- **Items listed in a dataset**
=== Section Start ===

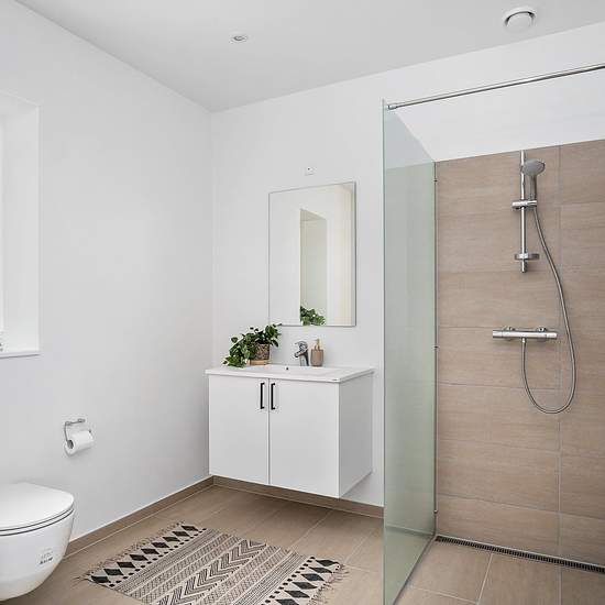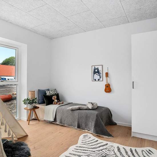 Thors Vænge is located in Ishøj Village and consists of 16 terraced houses. The project comprises four properties with respectively three, three, five and five terraced houses, each arranged in a trapezoid formation with the road winding between them and two properties on each side of the road. The townhouses are single-storey with 4 rooms, a good layout and a size of 109 m2. The homes are filled with daylight, while the well-designed layout gives tenants good flexibility and freedom in furnishing. The façade is white-rendered brick, the roo...
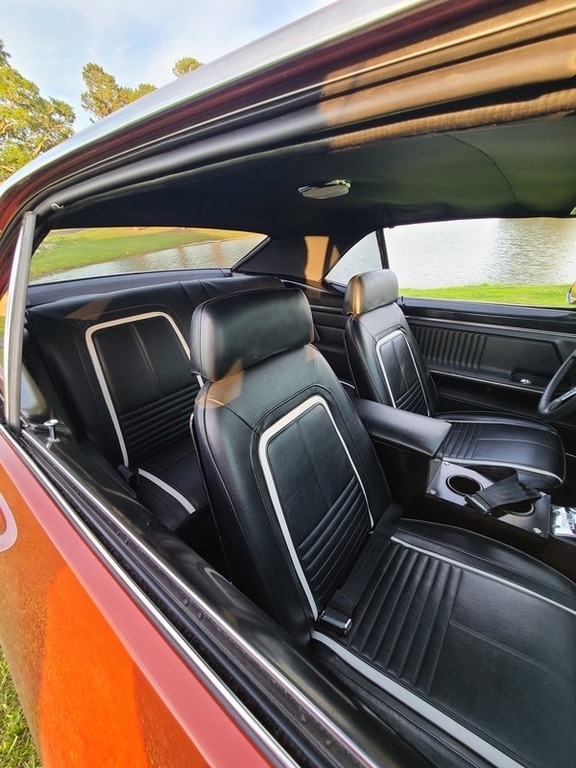 This 1967 Chevrolet Camaro is powered by a 355ci V8 Engine with MSD Fuel Injection, paired with an Automatic Transmission with B&M Shifter. This Camaro has a Sunburst Orange Exterior with a Black and Silver Leather Interior. This Coupe has been garage kept and non-smoking.
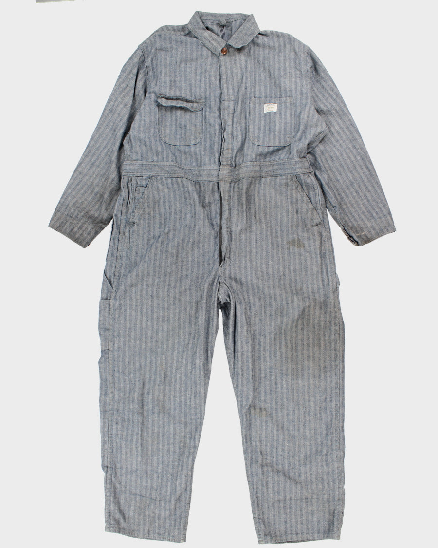 Mens Blue Herringbone Denim One Piece Work Jumpsuit - XL
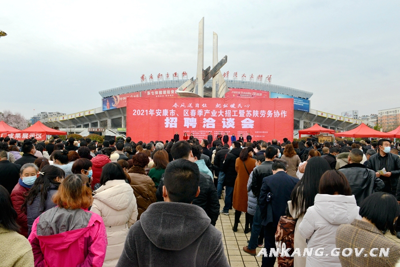为促进农村劳动力等重点群体稳定就业,保障节后企业正常复工复产, 2月25日上午, “春风送岗位﹒就业暖民心”2021年安康市、汉滨区春季产业大招工暨苏陕劳务协作招聘洽谈会在金州广场举办。市委常委、常务副市长高晶华出席活动并讲话。
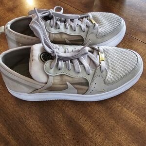 Chic Nike Women Court Vision Alta TXT sneakers in a cream and saturn gold finish. Adds an extra stylish and cute vibe to your casual everyday style. No box.
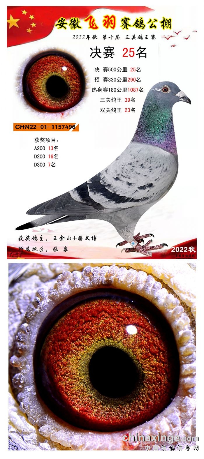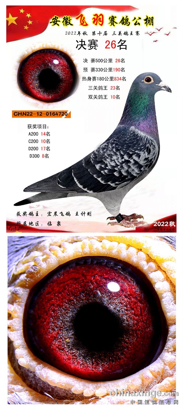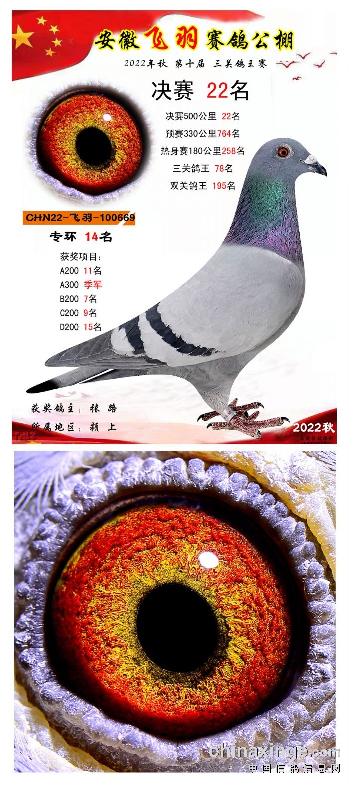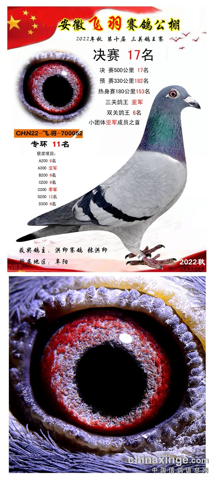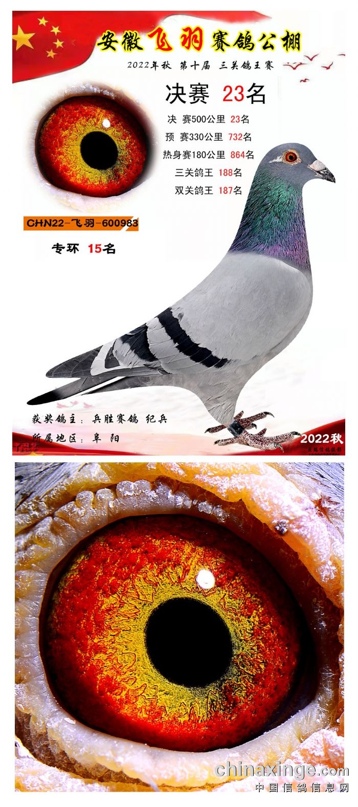 2022年秋飞羽赛鸽公棚获奖鸽欣赏16--30
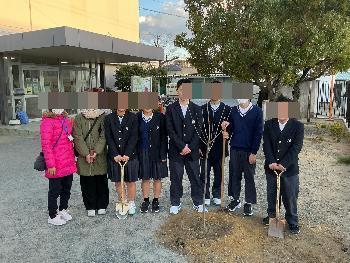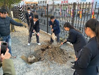 本校は令和11年度に創立70周年を迎えます。節目の年にむけて、今年度は桜の苗木をご寄贈いただき、生徒会執行部の皆さんとともに植樹しました。
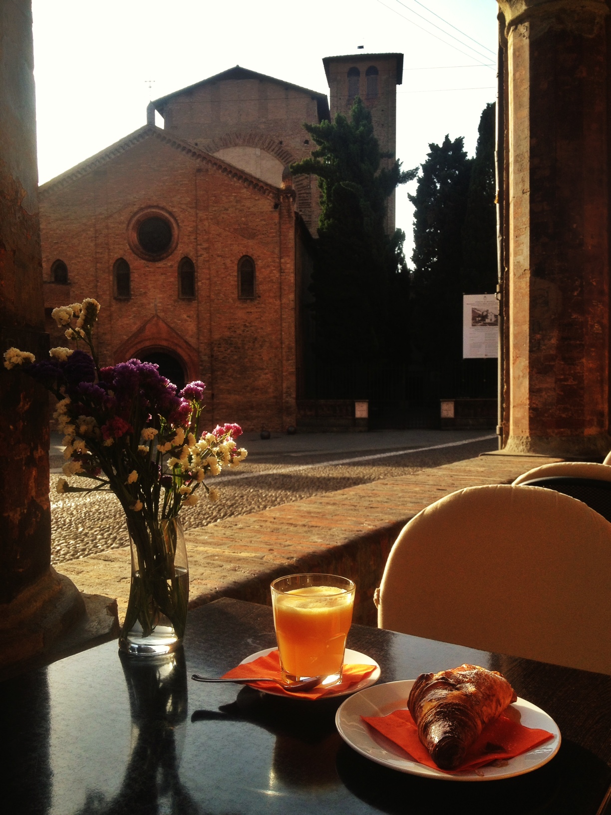 The perfect way to relax after the long walk is to have breakfast at probably the most scenic points of the city and watch the sun rise over the city. Devoid of the crowds, the Piazza Santo Stefano is one of my favourite piazzas in Italy with the beautiful church of Santo Stefano in the foreground, flanked by the beautiful colonnades. I settle down to a breakfast of a fresh orange juice and the crispiest, freshest salted croissant you could taste.
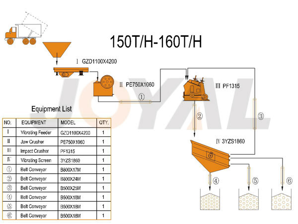 www.17.com礦機(jī)的150-160TPH 鄂破/反擊破(pò)整套石料生產設備主要由GZD1100X4200振動給料機、一級破碎PE750X1060顎式破碎機、二級破碎PF1315反擊式破碎機、3YZS1860振動篩和配套膠帶輸送機、電控(kòng)係統等組成(chéng)。可對石灰石、大理石、花崗岩、玄武岩、河卵石等物料進行破碎、篩分,生產多種粒度級別的建設用砂(shā)石料。可根據客戶對石料規格、產量、石料用(yòng)途的要求,為客戶提供合理、經濟的設(shè)備配置方(fāng)案。
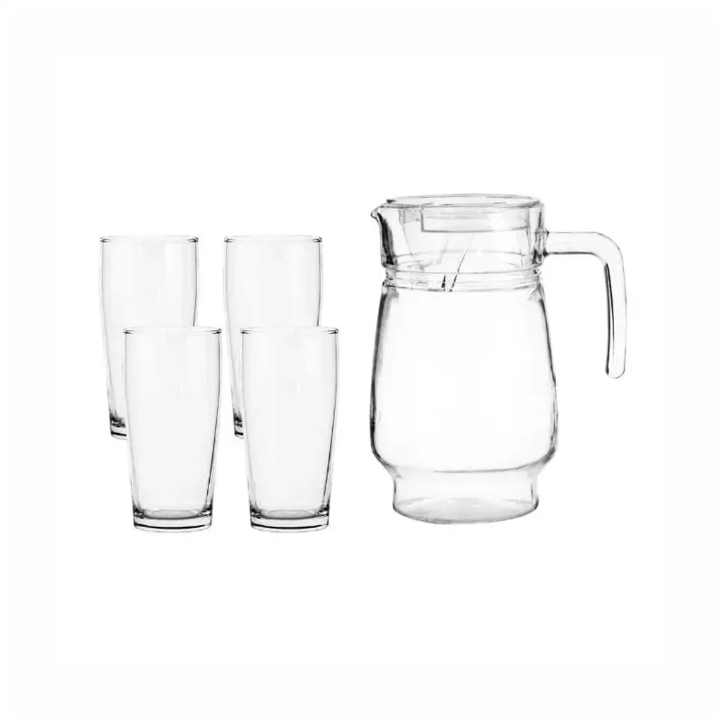 The Regent Water Jug With Tumbler Set consists of a clear 1L glass jug and four 340ml willy tumblers. This jug and tumbler set can be used to serve juice, water, or other beverages for your guests. Ideal for restaurants, bars, and special occasions.
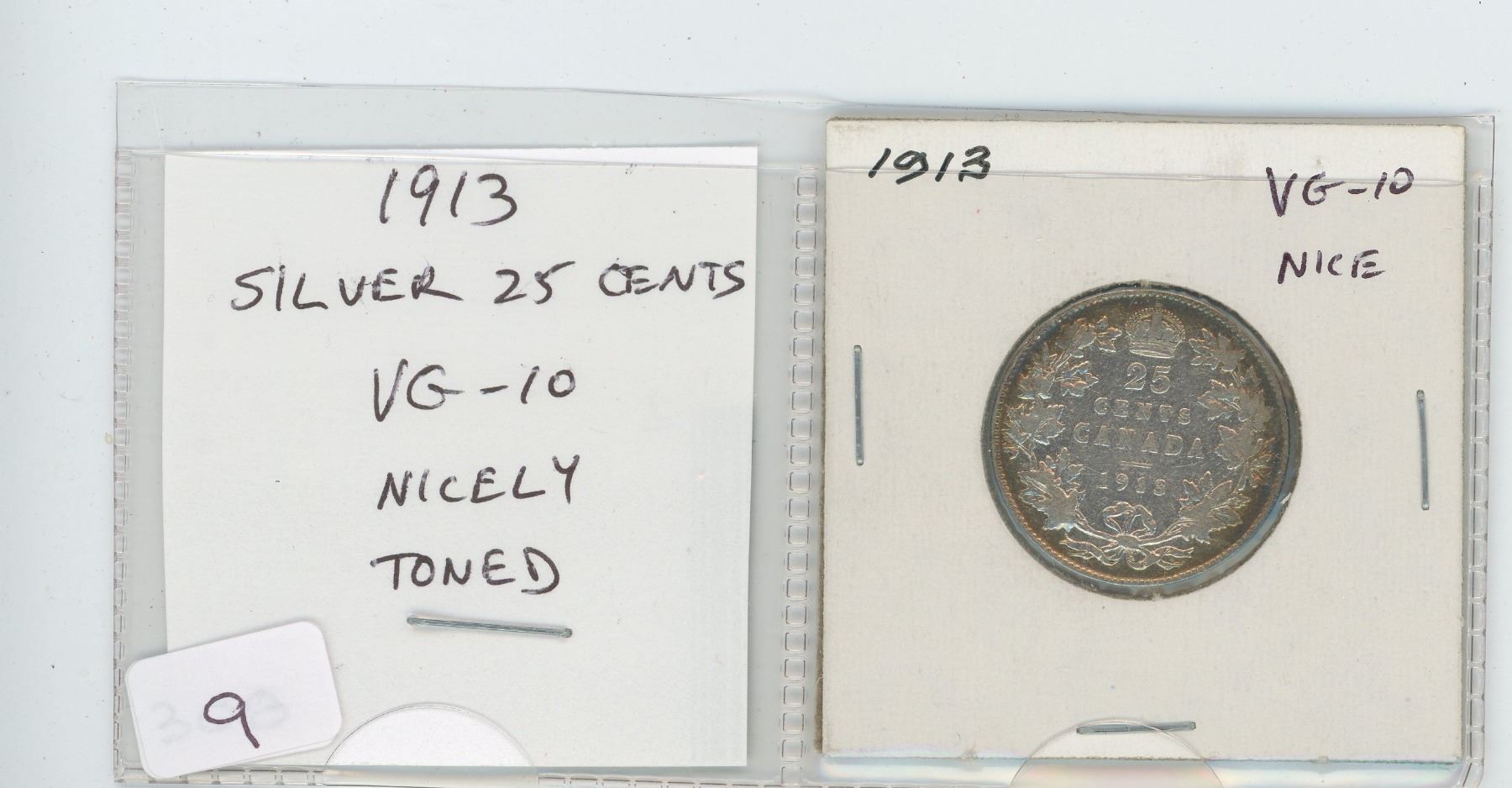 1913 SILVER 25 CENTS. VG-10. NICELY TONED.
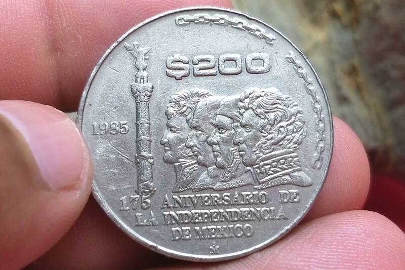 Es de aquí de donde sale esta moneda de 200 pesos creada para estos festejos, que estuvo disponible en México de 1960 a 1980. No sólo llama la atención la cifra que tiene, sino que también los héroes de la patria que muestra en uno de sus lados. Miguel Hidalgo, Morelos, Ignacio Allende y Vicente Guerrero se pueden apreciar.

=== Section End ===

- **The problem**
Every line above in the stretch from the one with "Mens Blue Herringbone" through the one with "本校は令和11年度に創立70" is to be transcribed exactly, ends included. No picture is copied.

- **Result of this task**
 Mens Blue Herringbone Denim One Piece Work Jumpsuit - XL
为促进农村劳动力等重点群体稳定就业,保障节后企业正常复工复产, 2月25日上午, “春风送岗位﹒就业暖民心”2021年安康市、汉滨区春季产业大招工暨苏陕劳务协作招聘洽谈会在金州广场举办。市委常委、常务副市长高晶华出席活动并讲话。
 Chic Nike Women Court Vision Alta TXT sneakers in a cream and saturn gold finish. Adds an extra stylish and cute vibe to your casual everyday style. No box.
 2022年秋飞羽赛鸽公棚获奖鸽欣赏16--30
 本校は令和11年度に創立70周年を迎えます。節目の年にむけて、今年度は桜の苗木をご寄贈いただき、生徒会執行部の皆さんとともに植樹しました。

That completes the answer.